Records from a data collection:
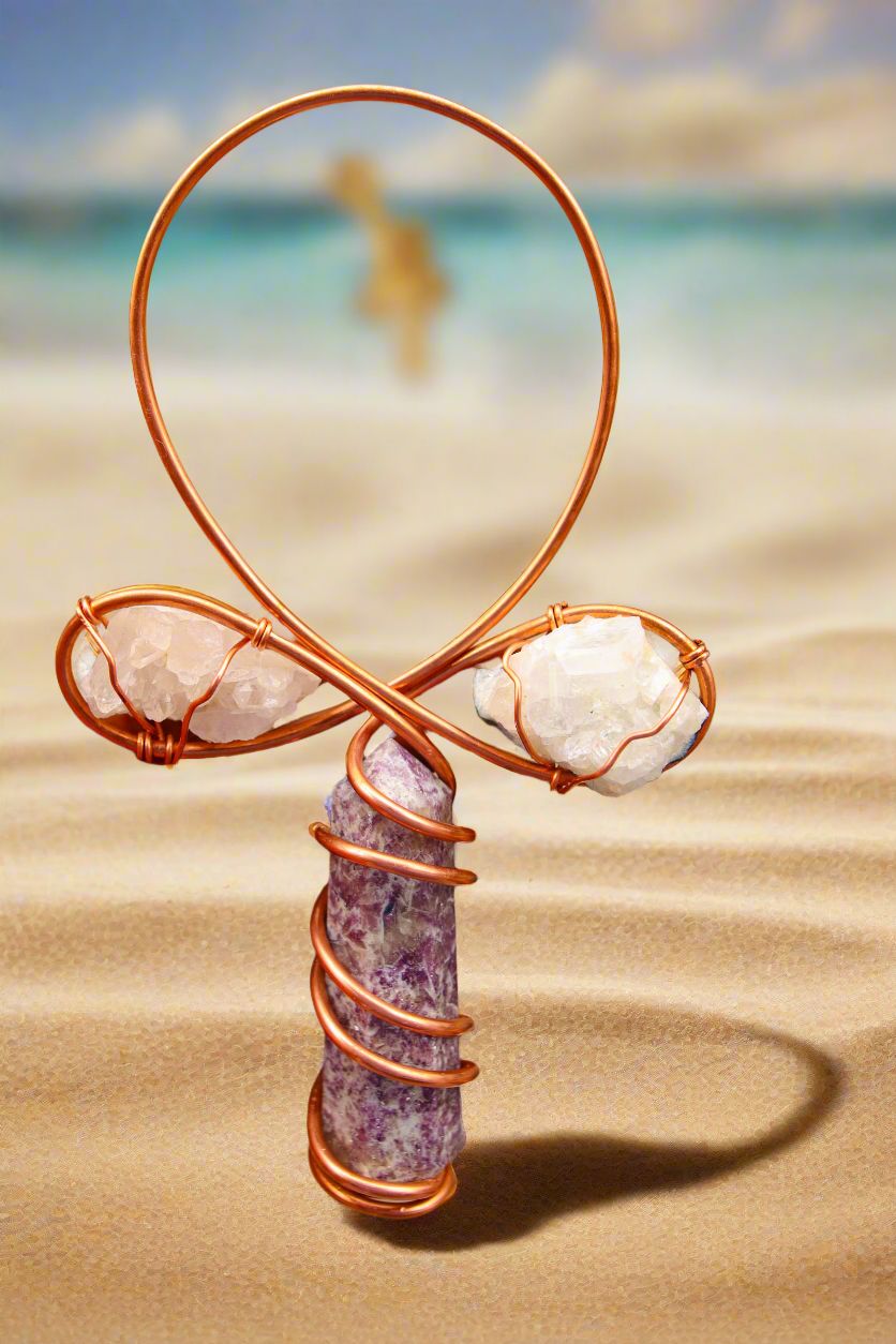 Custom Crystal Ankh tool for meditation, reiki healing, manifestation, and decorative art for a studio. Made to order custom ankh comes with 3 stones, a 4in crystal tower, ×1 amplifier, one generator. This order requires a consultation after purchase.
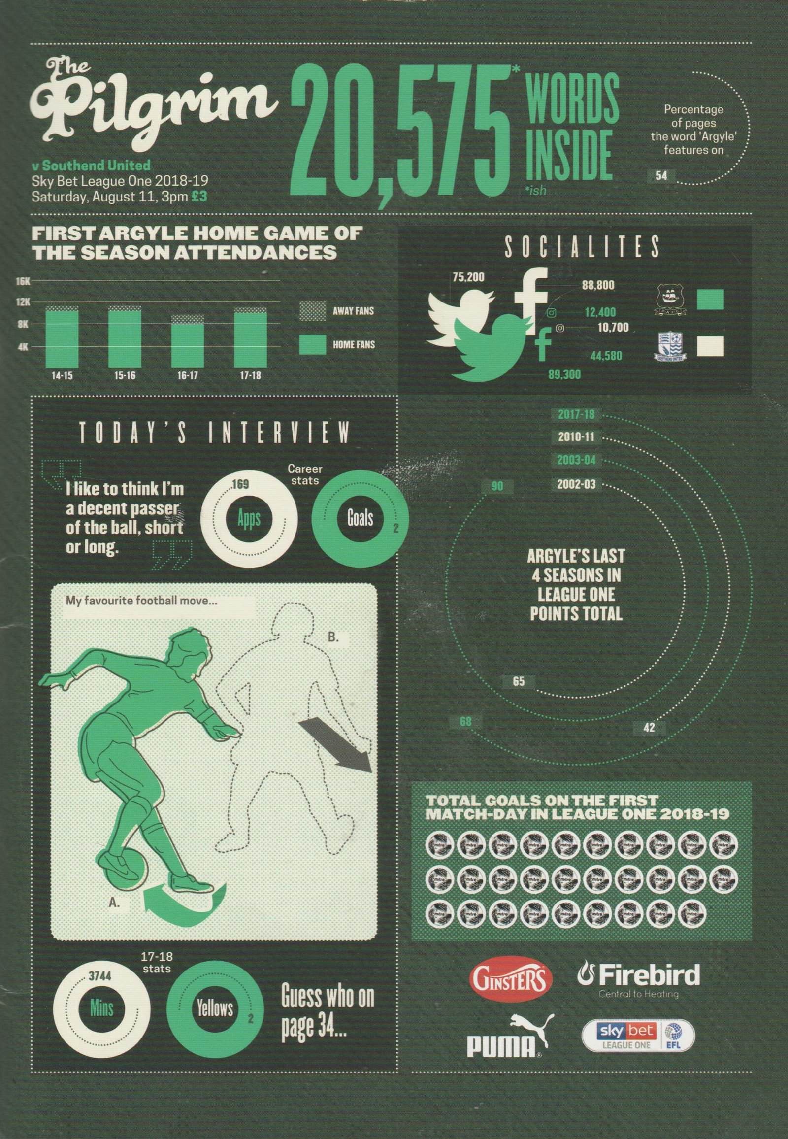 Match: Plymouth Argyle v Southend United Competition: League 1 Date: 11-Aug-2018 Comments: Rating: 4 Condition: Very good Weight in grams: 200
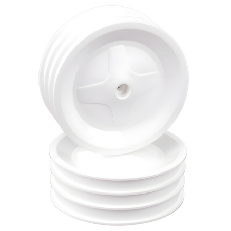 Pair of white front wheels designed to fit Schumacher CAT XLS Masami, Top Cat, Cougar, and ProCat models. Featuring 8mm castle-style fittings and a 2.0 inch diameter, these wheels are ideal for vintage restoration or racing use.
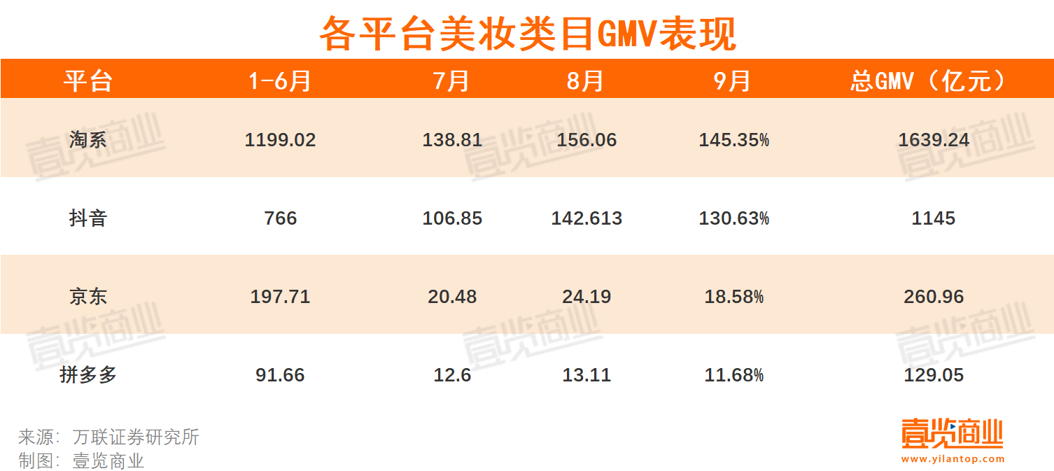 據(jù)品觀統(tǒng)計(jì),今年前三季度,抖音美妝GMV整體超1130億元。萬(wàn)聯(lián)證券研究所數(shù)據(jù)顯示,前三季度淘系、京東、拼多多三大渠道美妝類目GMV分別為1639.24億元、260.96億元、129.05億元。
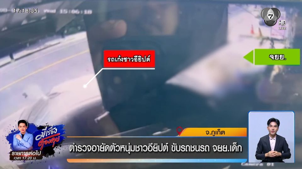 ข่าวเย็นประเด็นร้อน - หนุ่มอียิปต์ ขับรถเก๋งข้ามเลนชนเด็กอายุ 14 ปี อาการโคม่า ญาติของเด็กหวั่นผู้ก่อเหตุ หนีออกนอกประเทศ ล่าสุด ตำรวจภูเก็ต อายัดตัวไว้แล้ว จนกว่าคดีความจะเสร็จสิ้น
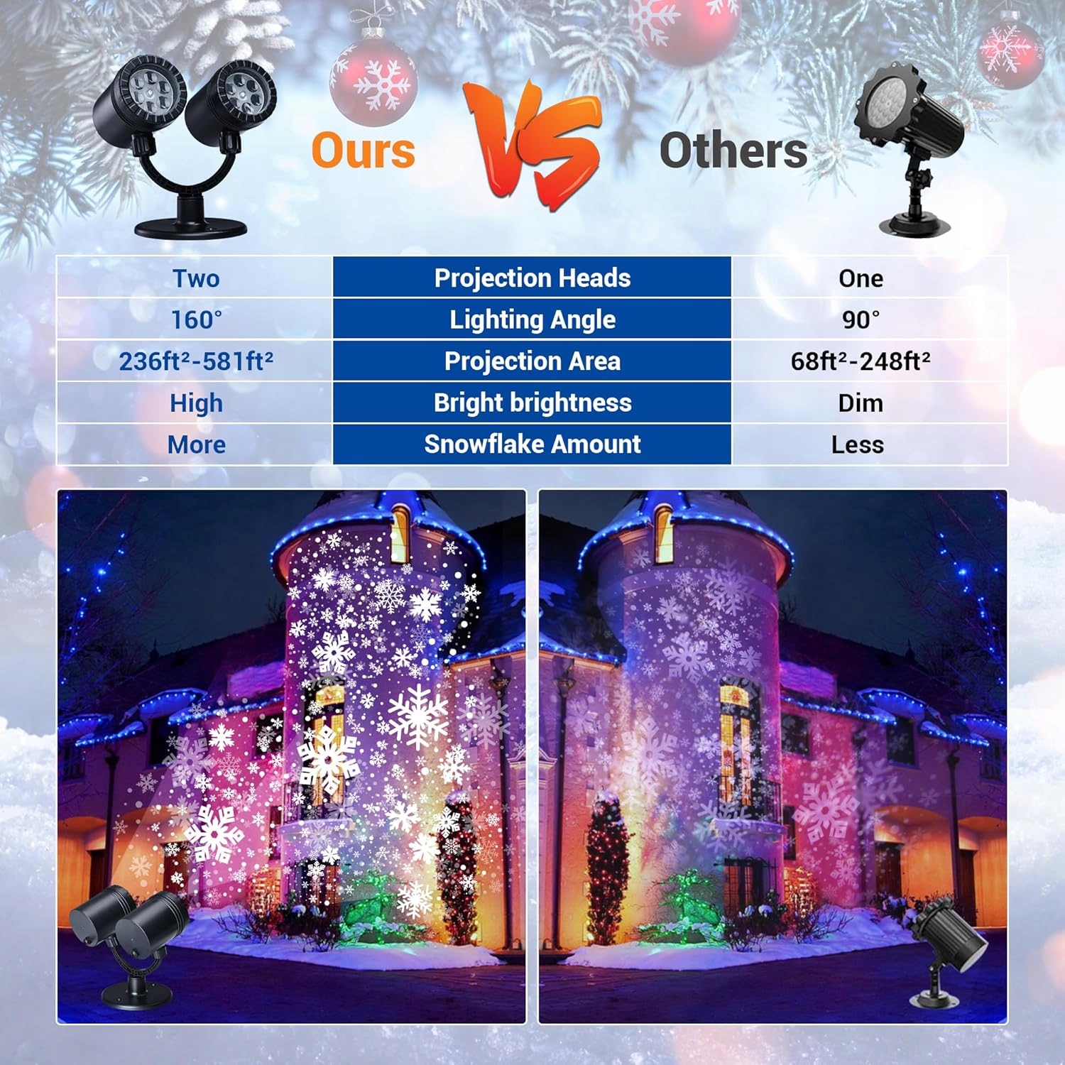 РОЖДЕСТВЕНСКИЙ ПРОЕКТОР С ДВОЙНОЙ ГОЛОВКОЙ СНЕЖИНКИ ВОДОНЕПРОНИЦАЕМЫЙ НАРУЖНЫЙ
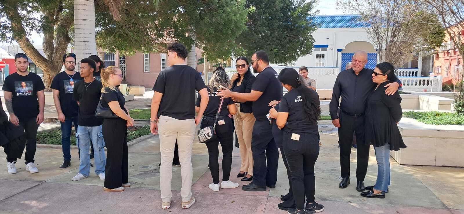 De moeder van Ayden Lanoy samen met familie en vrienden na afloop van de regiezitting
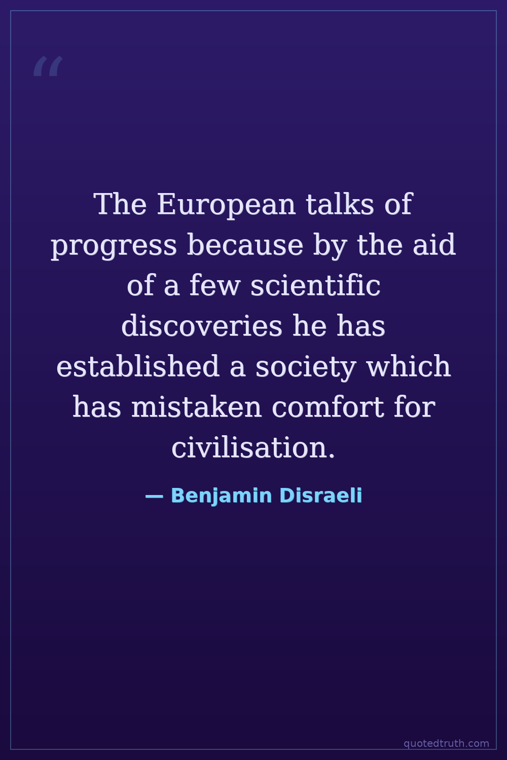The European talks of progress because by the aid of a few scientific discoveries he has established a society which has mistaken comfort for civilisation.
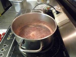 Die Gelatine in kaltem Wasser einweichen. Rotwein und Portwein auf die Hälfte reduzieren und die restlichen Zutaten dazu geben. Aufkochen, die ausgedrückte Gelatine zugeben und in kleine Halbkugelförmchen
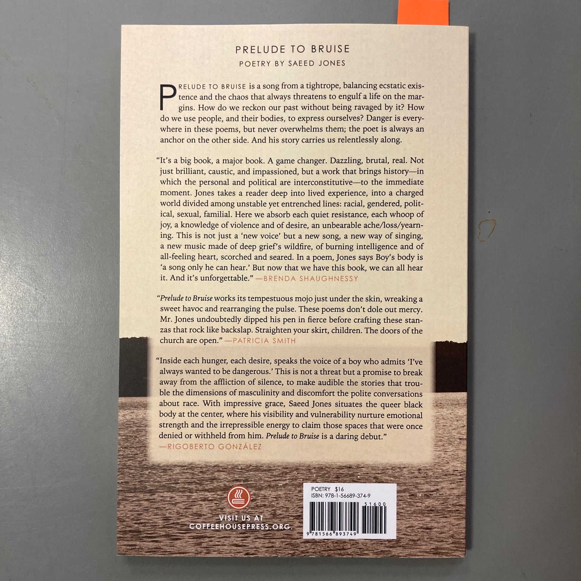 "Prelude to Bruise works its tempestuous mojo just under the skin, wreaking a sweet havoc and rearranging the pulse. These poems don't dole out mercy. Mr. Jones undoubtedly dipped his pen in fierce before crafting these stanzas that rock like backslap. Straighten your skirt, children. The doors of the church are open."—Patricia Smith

▸ TASK DESCRIPTION
Say again, exactly, only those lines of the records that run from the start through the line with "Die Gelatine in". Pictures are to be skipped.

▸ TASK RESULT
 Custom Crystal Ankh tool for meditation, reiki healing, manifestation, and decorative art for a studio. Made to order custom ankh comes with 3 stones, a 4in crystal tower, ×1 amplifier, one generator. This order requires a consultation after purchase.
 Match: Plymouth Argyle v Southend United Competition: League 1 Date: 11-Aug-2018 Comments: Rating: 4 Condition: Very good Weight in grams: 200
 Pair of white front wheels designed to fit Schumacher CAT XLS Masami, Top Cat, Cougar, and ProCat models. Featuring 8mm castle-style fittings and a 2.0 inch diameter, these wheels are ideal for vintage restoration or racing use.
 據(jù)品觀統(tǒng)計(jì),今年前三季度,抖音美妝GMV整體超1130億元。萬(wàn)聯(lián)證券研究所數(shù)據(jù)顯示,前三季度淘系、京東、拼多多三大渠道美妝類目GMV分別為1639.24億元、260.96億元、129.05億元。
 ข่าวเย็นประเด็นร้อน - หนุ่มอียิปต์ ขับรถเก๋งข้ามเลนชนเด็กอายุ 14 ปี อาการโคม่า ญาติของเด็กหวั่นผู้ก่อเหตุ หนีออกนอกประเทศ ล่าสุด ตำรวจภูเก็ต อายัดตัวไว้แล้ว จนกว่าคดีความจะเสร็จสิ้น
 РОЖДЕСТВЕНСКИЙ ПРОЕКТОР С ДВОЙНОЙ ГОЛОВКОЙ СНЕЖИНКИ ВОДОНЕПРОНИЦАЕМЫЙ НАРУЖНЫЙ
 De moeder van Ayden Lanoy samen met familie en vrienden na afloop van de regiezitting
The European talks of progress because by the aid of a few scientific discoveries he has established a society which has mistaken comfort for civilisation.
 Die Gelatine in kaltem Wasser einweichen. Rotwein und Portwein auf die Hälfte reduzieren und die restlichen Zutaten dazu geben. Aufkochen, die ausgedrückte Gelatine zugeben und in kleine Halbkugelförmchen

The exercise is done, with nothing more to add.